The January Effect: Myth or Reality?

The first few days of January, 2018 have been positive for financial markets. What does that mean for the rest of the year?

There are some who believe that as January goes for the S&P 500 (an index of 500 large US companies), it may be a signal whether that index will rise or fall for the remainder of the year.

In other words, the theory suggests if the return of the S&P 500 in January is negative, this would predict that a decline in the general US stock market for the remainder of that year, and vice versa if returns in January are positive.

Has this been an accurate and reliable indicator in the past?
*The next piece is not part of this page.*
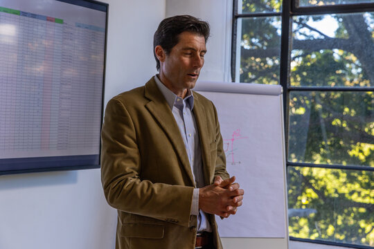 Adult male presenting spreadsheet on monitor in meeting room, pointing at flip chart diagrams

Exhibit 1 shows the monthly returns of the S&P 500 Index for each January since 1926, compared to the subsequent 11 month return (from February-December). A negative return in January was followed by a positive 11-month return about 60% of the time, with an average return during those 11 months of around 7%. So, no, this is not an accurate indicator, at least when January is negative.

What other observations can be made from this data? The lessons of patience and discipline are clear.
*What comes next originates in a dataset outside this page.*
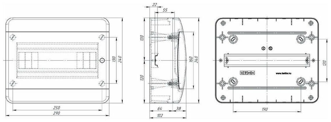 Применение Предназначены для настенного монтажа в помещениях разного назначения и используются для установки модульных устройств на DIN-рейку. Технические данные - Класс электроизоляции II - Цвет белый RAL9016 - Материал - самозатухающий термопластик, обладающий стойкостью к воспламенению при воздействии нагретой до температуры 650°С проволокой (испытание по ГОСТ 27483 (МЭК 60 695-2-1)) - Рабочие температуры от -25°С до +60°С - Межосевое расстояние между рядами 150мм - Максимальная высота модульных устройств для установки в щит 53мм - Используется размер оцинкованной DIN-рейки 35х7,5мм - Изготавливается согласно стандарта ГОСТ Р 50827 (МЭК 670) Преимущества - Выдавливаемые отверстия для подведения кабеля сбоку выполнены с внутренней стороны, что позволяет сохранить гладкой внешнюю поверхность щита. - Пластиковые быстро закручиваемые винты крышки щита. - Дверца имеет возможность установки замка для ограничения доступа в щит. - Клеммы PE/N защищены от прикосновения. - Корпус имеет четыре точки крепления к стене. Также для точного монтажа имеется разметка крепежных отверстий с задней стороны щитка. - Простое и быстрое изменение направления открытия дверцы путем переворачивания крышки. - Щиток оснащен соединяемыми кронштейнами для крепления DIN-рейки, что позволяет проводить монтаж на стенде. - На днище имеются выдавливаемые отверстия для подведения кабеля. - Крышка щитка имеет выдавливаемые элементы под модульные устройства для изменения числа устанавливаемых модулей. Комплектация - оцинкованная DIN-рейка - кронштейны для крепления DIN-рейки - две клеммные шины - держатель клеммных шин.

January, 2016 was a good example of this. The first two weeks of January, 2016 were the worst ever for the Index, down (7.93%). The full month of January 2016 ended down (4.96%), the 9th worst January since 1926. However, the return of 18% for the next 11 months of 2016 resulted in a positive calendar year 2016 return of almost 13%.
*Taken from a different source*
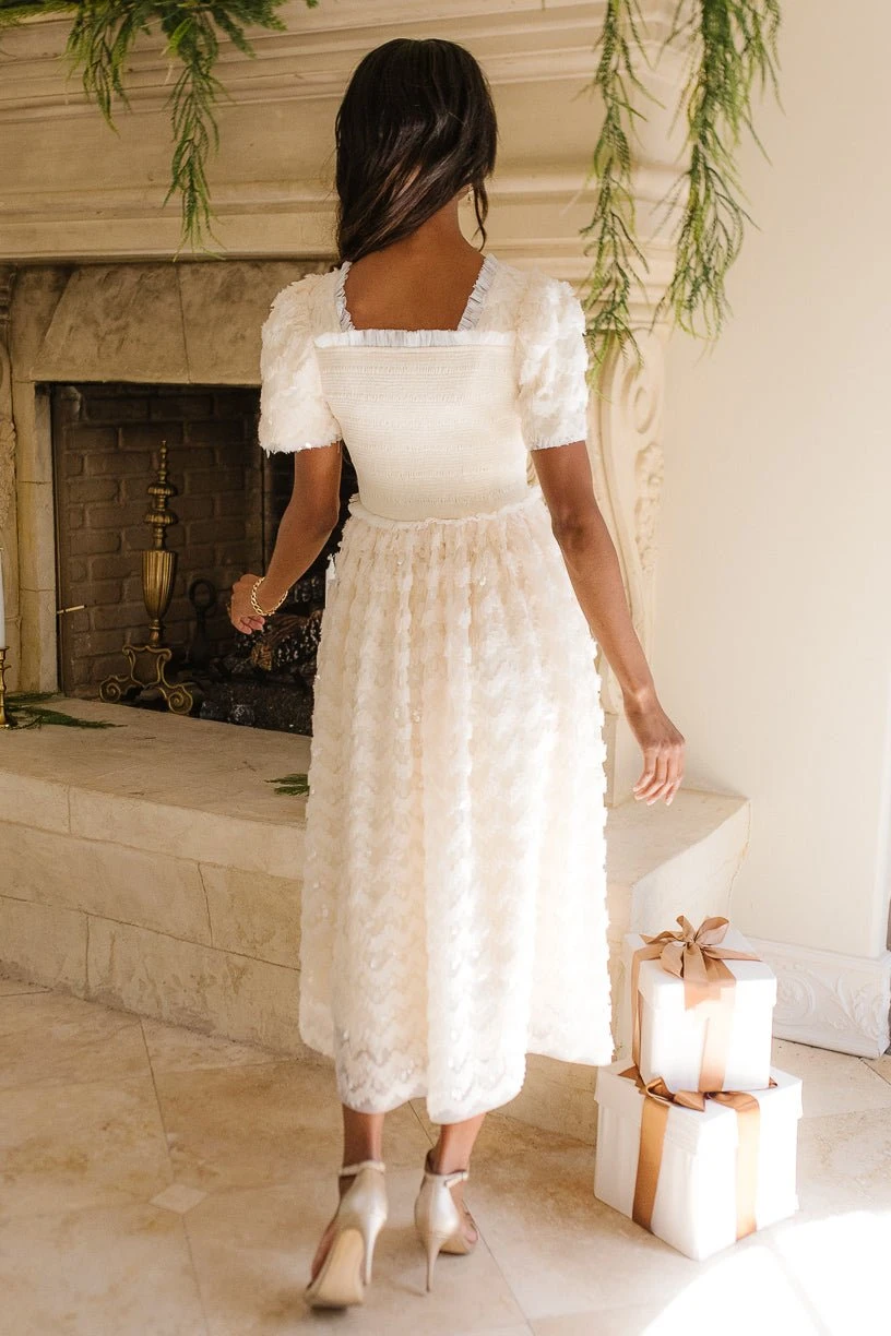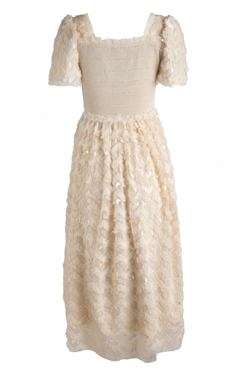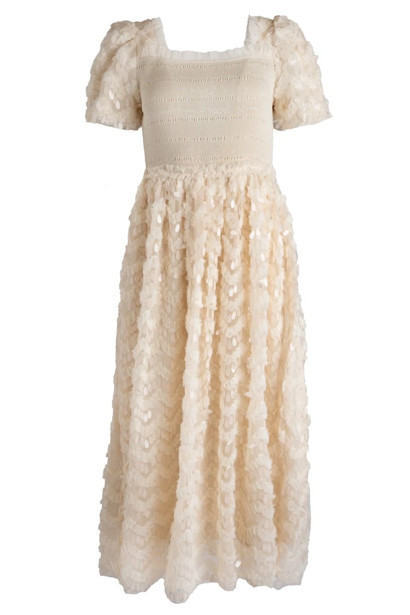 cream sequin smocked midi dress

Over the past 20 years, 10 of the January’s were negative. In 15 of these 20 years, the succeeding 11 months of the year were positive, not negative.

We do not believe that sound investment policy should be based on “indicators” such as this. You should not make investment decisions for a year, or the long-term, based on the market movements of any one month.

Over the long-term, the markets (both US and overseas, and across various asset classes, as we recommend) have rewarded investors who are patient and disciplined, who can look beyond indicators such as this.

Frequent changes to your portfolio or investment strategy can hurt performance. Rather than trying to beat the market based on your emotions, hunches, headlines or indicators, investors who remain disciplined, patient and calm can let the markets work for them successfully over time.

We are here to provide you with sound, reliable guidance and advice, so you can meet the financial goals of you and your family. And not just in January!